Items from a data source
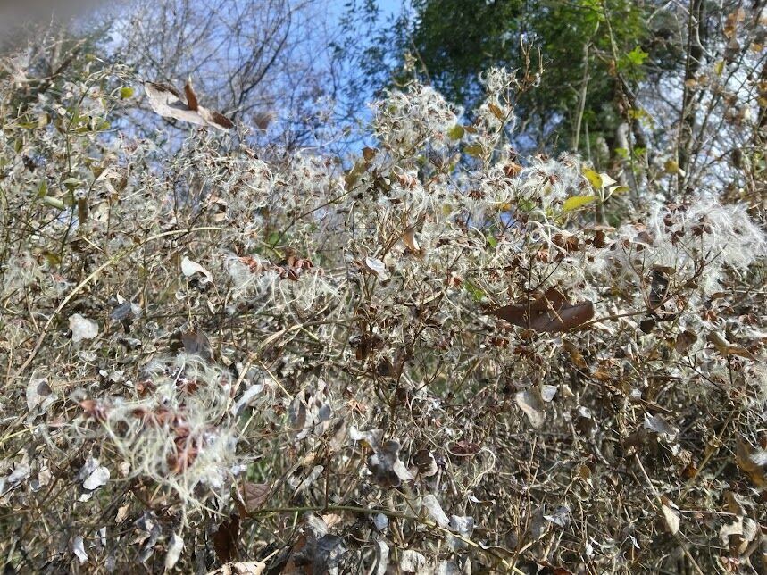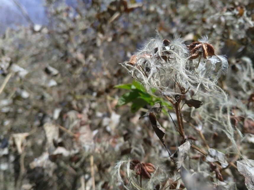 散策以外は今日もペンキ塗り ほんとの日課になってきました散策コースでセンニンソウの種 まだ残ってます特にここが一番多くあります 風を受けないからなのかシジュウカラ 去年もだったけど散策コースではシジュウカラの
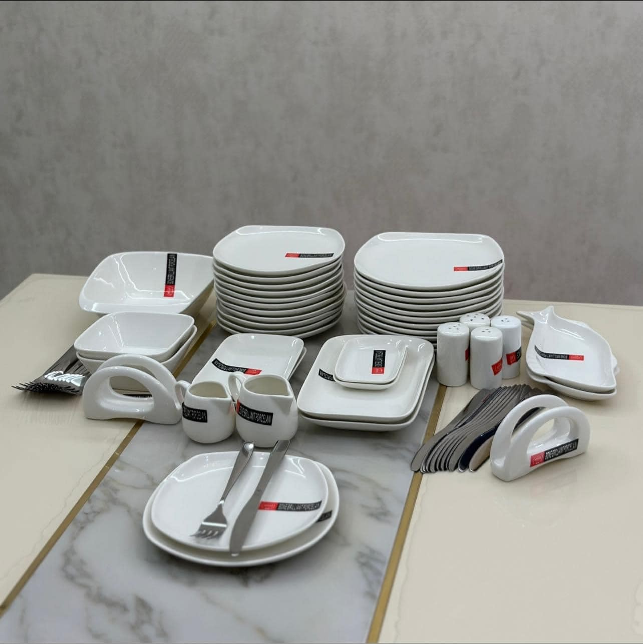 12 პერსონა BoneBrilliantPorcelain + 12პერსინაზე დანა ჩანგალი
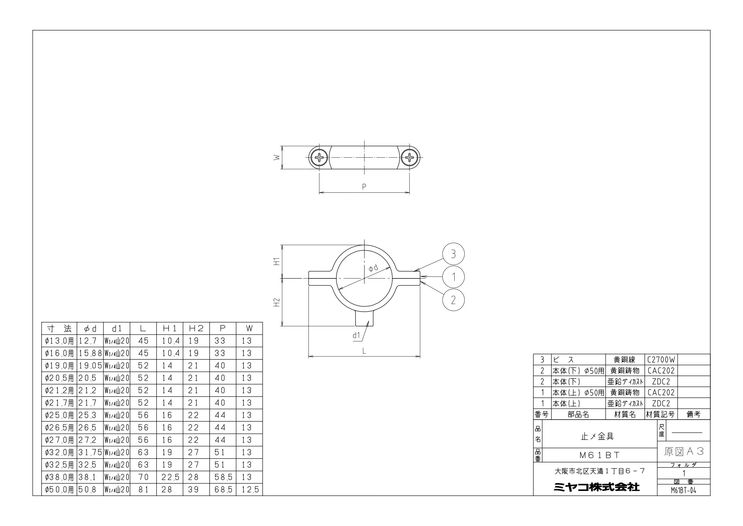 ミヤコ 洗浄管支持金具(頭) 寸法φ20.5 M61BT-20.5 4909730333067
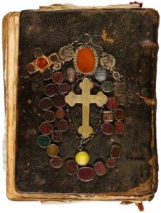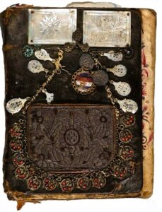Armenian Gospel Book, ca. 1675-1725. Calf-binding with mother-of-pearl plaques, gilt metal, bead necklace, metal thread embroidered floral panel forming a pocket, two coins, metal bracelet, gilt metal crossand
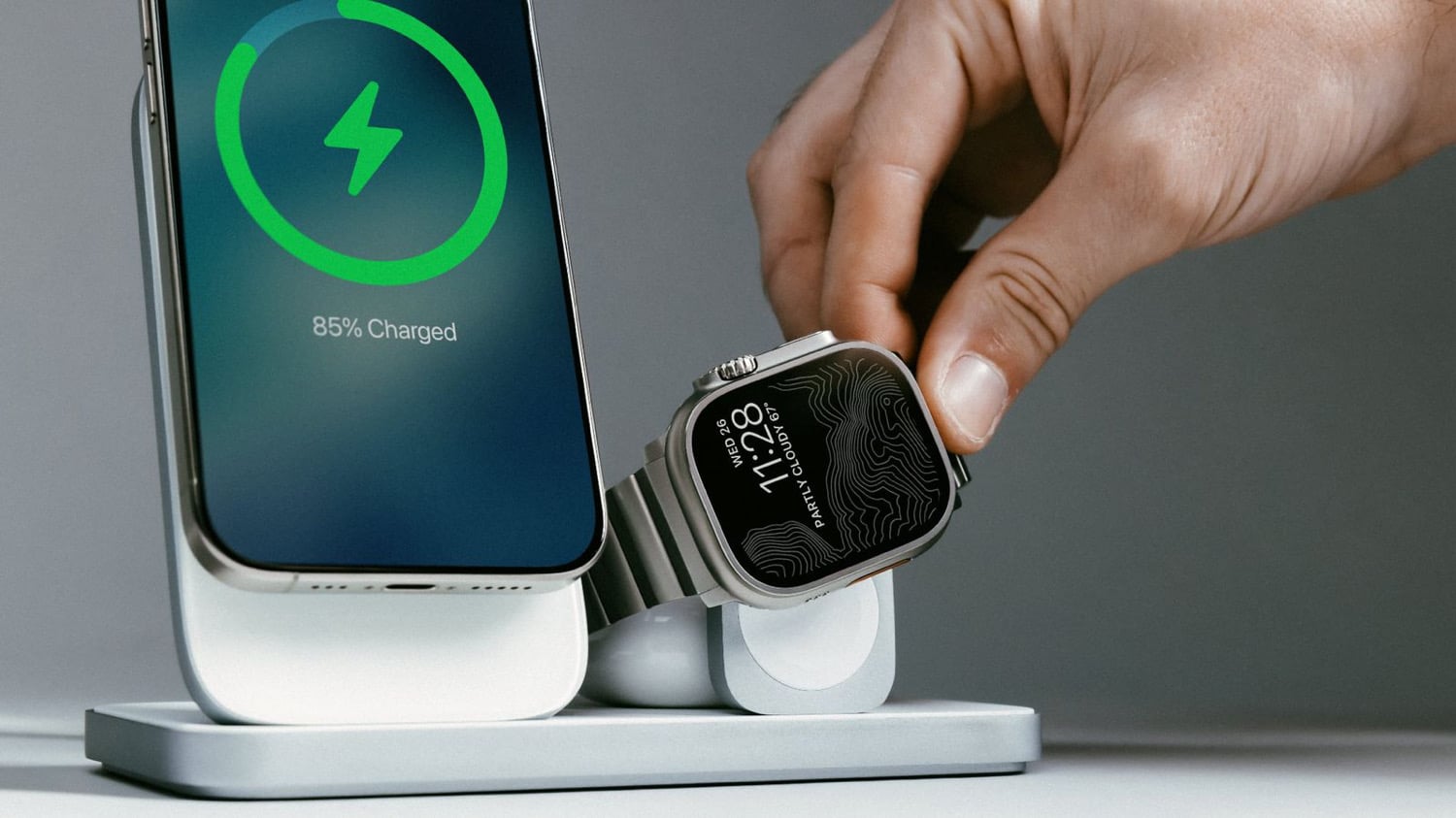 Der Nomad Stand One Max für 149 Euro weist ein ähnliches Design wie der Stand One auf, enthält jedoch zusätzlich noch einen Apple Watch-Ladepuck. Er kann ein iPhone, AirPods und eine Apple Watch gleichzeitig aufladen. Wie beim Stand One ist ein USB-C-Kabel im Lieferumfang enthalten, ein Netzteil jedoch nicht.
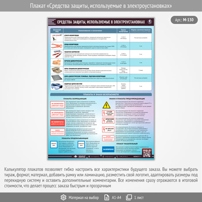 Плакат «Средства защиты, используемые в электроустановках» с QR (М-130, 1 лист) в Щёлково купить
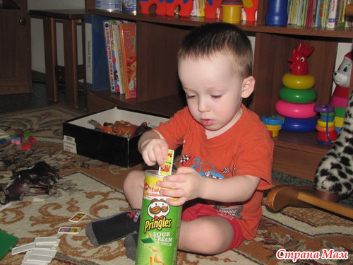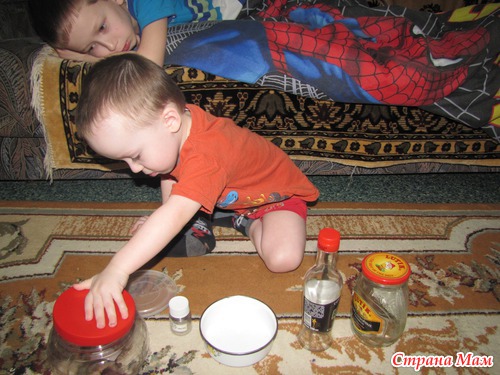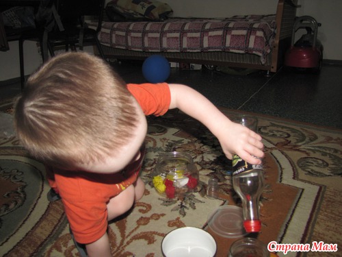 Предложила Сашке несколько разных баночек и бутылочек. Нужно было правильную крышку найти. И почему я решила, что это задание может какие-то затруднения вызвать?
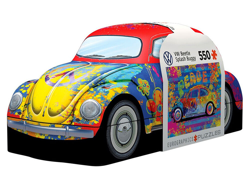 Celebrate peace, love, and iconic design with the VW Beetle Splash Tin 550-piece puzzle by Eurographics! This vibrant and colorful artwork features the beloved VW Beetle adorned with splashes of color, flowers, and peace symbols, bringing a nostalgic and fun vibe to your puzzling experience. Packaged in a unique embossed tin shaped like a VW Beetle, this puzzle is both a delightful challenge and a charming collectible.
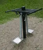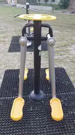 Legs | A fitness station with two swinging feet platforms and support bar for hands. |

Exercise
Output every entry above exactly, minus the pictures.

Solution
 散策以外は今日もペンキ塗り ほんとの日課になってきました散策コースでセンニンソウの種 まだ残ってます特にここが一番多くあります 風を受けないからなのかシジュウカラ 去年もだったけど散策コースではシジュウカラの
 12 პერსონა BoneBrilliantPorcelain + 12პერსინაზე დანა ჩანგალი
 ミヤコ 洗浄管支持金具(頭) 寸法φ20.5 M61BT-20.5 4909730333067
Armenian Gospel Book, ca. 1675-1725. Calf-binding with mother-of-pearl plaques, gilt metal, bead necklace, metal thread embroidered floral panel forming a pocket, two coins, metal bracelet, gilt metal crossand
 Der Nomad Stand One Max für 149 Euro weist ein ähnliches Design wie der Stand One auf, enthält jedoch zusätzlich noch einen Apple Watch-Ladepuck. Er kann ein iPhone, AirPods und eine Apple Watch gleichzeitig aufladen. Wie beim Stand One ist ein USB-C-Kabel im Lieferumfang enthalten, ein Netzteil jedoch nicht.
 Плакат «Средства защиты, используемые в электроустановках» с QR (М-130, 1 лист) в Щёлково купить
 Предложила Сашке несколько разных баночек и бутылочек. Нужно было правильную крышку найти. И почему я решила, что это задание может какие-то затруднения вызвать?
 Celebrate peace, love, and iconic design with the VW Beetle Splash Tin 550-piece puzzle by Eurographics! This vibrant and colorful artwork features the beloved VW Beetle adorned with splashes of color, flowers, and peace symbols, bringing a nostalgic and fun vibe to your puzzling experience. Packaged in a unique embossed tin shaped like a VW Beetle, this puzzle is both a delightful challenge and a charming collectible.
 Legs | A fitness station with two swinging feet platforms and support bar for hands. |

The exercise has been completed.